Summative Assessment and Feedback
Summative assessments are given to students at the end of a course and should measure the skills and knowledge a student has gained over the entire instructional period. Summative feedback is aimed at helping students understand how well they have done in meeting the overall learning goals of the course.
Effective summative assessments
Effective summative assessments provide students a structured way to demonstrate that they have met a range of key learning objectives and to receive useful feedback on their overall learning. They should align with the course learning goals and build upon prior formative assessments. These assessments will address how well the student is able to synthesize and connect the elements of learning from the entirety of the course into a holistic understanding and provide an opportunity to provide rich summative feedback.
The value of summative feedback
Summative feedback is essential for students to understand how far they have come in meeting the learning goals of the course, what they need further work on, and what they should study next. This can affect later choices that students make, particularly in contemplating and pursuing their major fields of study. Summative feedback can also influence how students regard themselves and their academic disciplines after graduation.
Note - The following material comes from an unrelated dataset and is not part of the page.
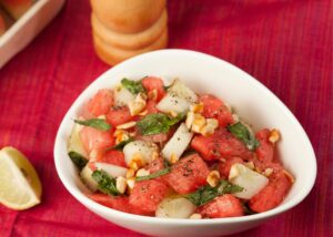 Place watermelon and cucumber in a large bowl; set aside. In a blender, combine remaining ingredients, blending until smooth. Pour dressing over watermelon and cucumber. Toss gently until evenly coated. Refrigerate until ready to serve.

Use rubrics to provide consistency and transparency
A rubric is a grading guide for evaluating how well students have met a learning outcome. A rubric consists of performance criteria, a rating scale, and indicators for the different rating levels. They are typically in a chart or table format.
Instructors often use rubrics for both formative and summative feedback to ensure consistency of assessment across different students. Rubrics also can make grading faster and help to create consistency between multiple graders and across assignments.
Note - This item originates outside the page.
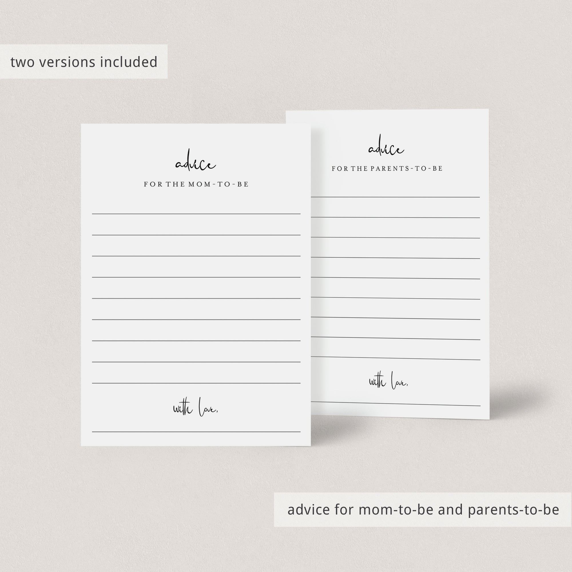• Advice card (two versions included, advice for the mom-to-be and advice for the parents-to-be)

Students might be given access to the rubric before working on an assignment. No criteria or metric within a summative assessment should come as a surprise to the students. Transparency with students on exactly what is being assessed can help them more effectively demonstrate how much they have learned.
Types of summative assessments
Different summative assessments are better suited to measuring different kinds of learning.
Examinations are useful for evaluating student learning in terms of remembering information, and understanding and applying concepts and ideas. However, exams may be less suited to evaluating how well students are able to analyze, evaluate, or create things related to what they've learned.
A presentation tasks the student with teaching others what they have learned typically by speaking, presenting visual materials, and interacting with their audience. This can be useful for assessing a student's ability to critically analyze and evaluate a topic or content.
With projects, students will create something, such as a plan, document, artifact, or object, usually over a sustained period of time, that demonstrates skills or understanding of the topic of learning. They are useful for evaluating learning objectives that require high levels of critical thinking, creativity, and coordination. Projects are good opportunities to provide summative feedback because they often build on prior formative assessments and feedback.
With a portfolio, students create and curate a collection of documents, objects, and artifacts that collectively demonstrate their learning over a wide range of learning goals. Portfolios usually include the student's reflections and metacognitive analysis of their own learning. Portfolios are typically completed over a sustained period of time and are usually done by individual students as opposed to groups.
Portfolios are particularly useful for evaluating how students' learning, attitudes, beliefs, and creativity grow over the span of the course. The reflective component of portfolios can be a rich form of self-feedback for students. Generally, portfolios tend to be more holistic and are often now done using ePortfolios.